DATA EXTRACTS:

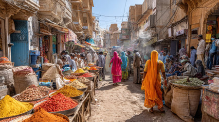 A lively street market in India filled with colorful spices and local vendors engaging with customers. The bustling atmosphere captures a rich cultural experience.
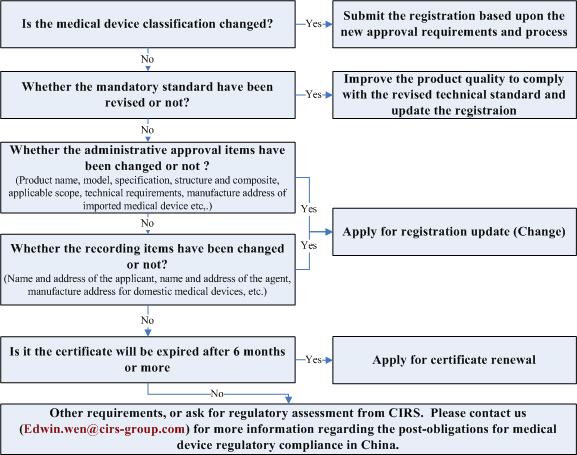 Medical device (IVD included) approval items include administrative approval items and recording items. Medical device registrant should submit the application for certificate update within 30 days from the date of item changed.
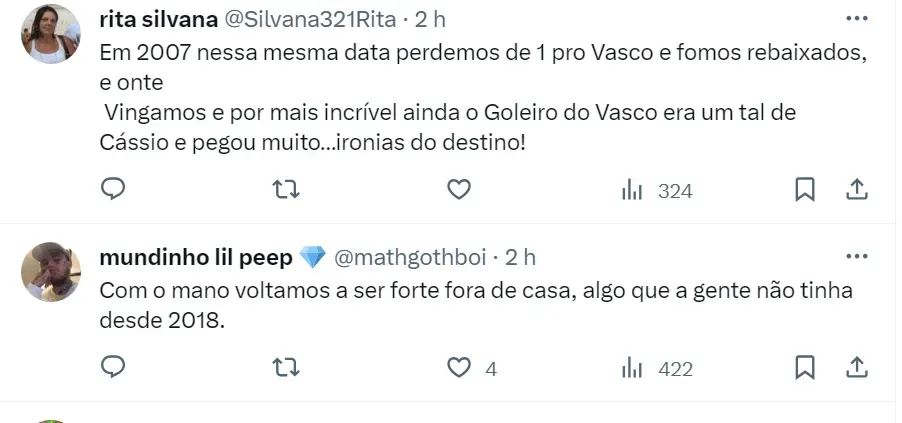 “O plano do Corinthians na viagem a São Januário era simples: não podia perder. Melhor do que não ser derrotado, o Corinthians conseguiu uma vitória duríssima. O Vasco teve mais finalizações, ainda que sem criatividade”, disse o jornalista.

==

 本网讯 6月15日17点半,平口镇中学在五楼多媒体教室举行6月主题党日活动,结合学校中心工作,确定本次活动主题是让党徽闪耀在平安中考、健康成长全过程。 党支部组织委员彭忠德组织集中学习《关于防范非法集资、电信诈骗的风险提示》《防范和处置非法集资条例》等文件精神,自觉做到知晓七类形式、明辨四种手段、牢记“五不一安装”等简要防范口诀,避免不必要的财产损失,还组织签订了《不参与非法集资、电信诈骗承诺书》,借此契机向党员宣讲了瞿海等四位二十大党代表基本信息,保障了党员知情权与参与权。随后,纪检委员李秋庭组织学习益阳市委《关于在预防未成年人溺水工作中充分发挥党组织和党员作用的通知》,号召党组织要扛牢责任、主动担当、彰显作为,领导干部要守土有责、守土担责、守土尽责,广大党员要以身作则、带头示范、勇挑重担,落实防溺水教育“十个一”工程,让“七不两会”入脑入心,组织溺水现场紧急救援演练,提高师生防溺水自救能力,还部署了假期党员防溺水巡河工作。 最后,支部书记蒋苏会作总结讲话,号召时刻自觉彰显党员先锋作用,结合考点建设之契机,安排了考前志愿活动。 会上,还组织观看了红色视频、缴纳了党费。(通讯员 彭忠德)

REQUIREMENT: Working from the entries above, please transcribe only the lines from the line with "Medical device (IVD" through the line with "disse o jornalista.", exactly, with both end lines and without pictures.

TASK SOLUTION:
 Medical device (IVD included) approval items include administrative approval items and recording items. Medical device registrant should submit the application for certificate update within 30 days from the date of item changed.
 “O plano do Corinthians na viagem a São Januário era simples: não podia perder. Melhor do que não ser derrotado, o Corinthians conseguiu uma vitória duríssima. O Vasco teve mais finalizações, ainda que sem criatividade”, disse o jornalista.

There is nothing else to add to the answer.